02 Giugno 2020 - 16:35 Valerio Berra
Lei con un bambino, lui con un pc. Certo non un insulto, ma è triste vedere che anche in un'app del ministero dell'Innovazione il posto della donna sia ancora quello

Questa volta la Pubblica amministrazione c’era quasi. Almeno a livello di immagine. Quando l’app Immuni è stata rilasciata, la sorpresa è stata quella di trovarsi davanti a un’applicazione semplice, chiara da capire e (fino a questo momento) funzionante. Qualcosa che insomma ha svecchiato l’immagine polverosa della pubblica amministrazione e invogliava gli utenti ad usare l’app che dovrà monitorare la diffusione dell’epidemia di Coronavirus nella Fase 2.

Le recensioni lo confermano. In meno di 24 ore l’app ha già superato i 100 mila download, solo sul Play Store di Google. E ha collezionato oltre 3.500 recensioni, con una media di 4 su 5. Un buon risultato, anche se per adesso l’app non fa molto. Per capire le sue potenzialità si dovrà aspettare che partano i test nelle regioni. Eppure qualche c’è un dettaglio che proprio è difficile da capire in un’app che, come si vede, ha dedicato molta attenzione alla grafica.

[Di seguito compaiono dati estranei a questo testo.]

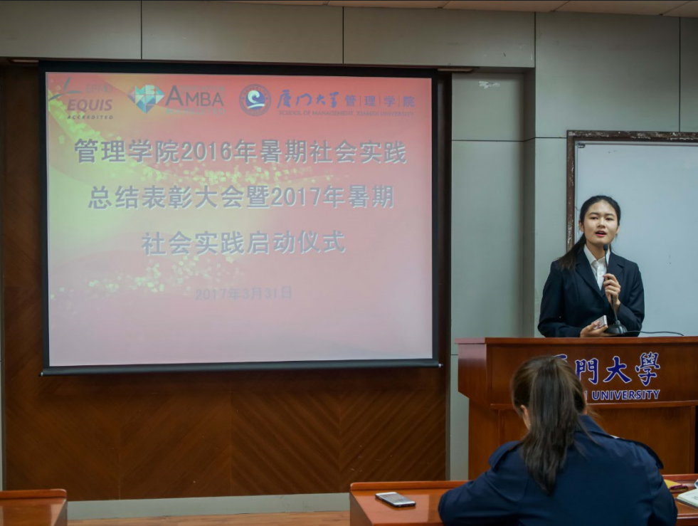 2017年3月31日下午16:30,2016年管理学院暑期社会总结实践表彰大会暨2017年暑期社会实际启动仪式在嘉庚二201如期举行。党委副书记洪秋霞老师以及学院团委老师、职业发展中心老师参加了大会。大会由王瑜同学主持。

Una volta scaricata, sull’app passano alcune slide ricordano danno il benvenuto all’utente. Una di queste si intitola Rallentiamo insieme l’epidemia. I testo non è niente ricorda l’importanza per chi è stato esposto al virus di limitare i contatti fino al momento del tampone, ma non è questo il problema. Il problema è l’immagine scelta per accompagnarla: un uomo e una donna. Lei con un neonato in braccio e una piccola piantina a fianco, lui intento a usare un laptop. A fare smart working, diremmo di questi tempi.

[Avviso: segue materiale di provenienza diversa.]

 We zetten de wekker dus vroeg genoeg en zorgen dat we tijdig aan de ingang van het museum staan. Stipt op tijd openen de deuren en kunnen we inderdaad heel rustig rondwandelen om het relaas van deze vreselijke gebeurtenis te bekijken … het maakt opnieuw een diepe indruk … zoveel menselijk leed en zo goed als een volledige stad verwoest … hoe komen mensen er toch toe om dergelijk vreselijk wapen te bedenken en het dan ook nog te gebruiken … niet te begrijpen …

La storia di una donna dedicata a chi ha pensato a questa slide

Ora. Tante parole si potrebbero dire sulla rappresentazione di questa famiglia. Uomo e donna, bianchi, lei che cura i figli (e le piante), lui che lavora al pc. Forse però per contestare la scelta di rappresentare l’uomo al lavoro e la donna a curare i figli, basta la storia di un’altra donna. Nel 1920, dopo essersi laureata in Giurisprudenza nel 1881, Lidia Poët è diventata la prima donna ad entrare ufficialmente nell’Ordine degli Avvocati in Italia. Era l’Italia, ma era l’Italia di 100 anni fa.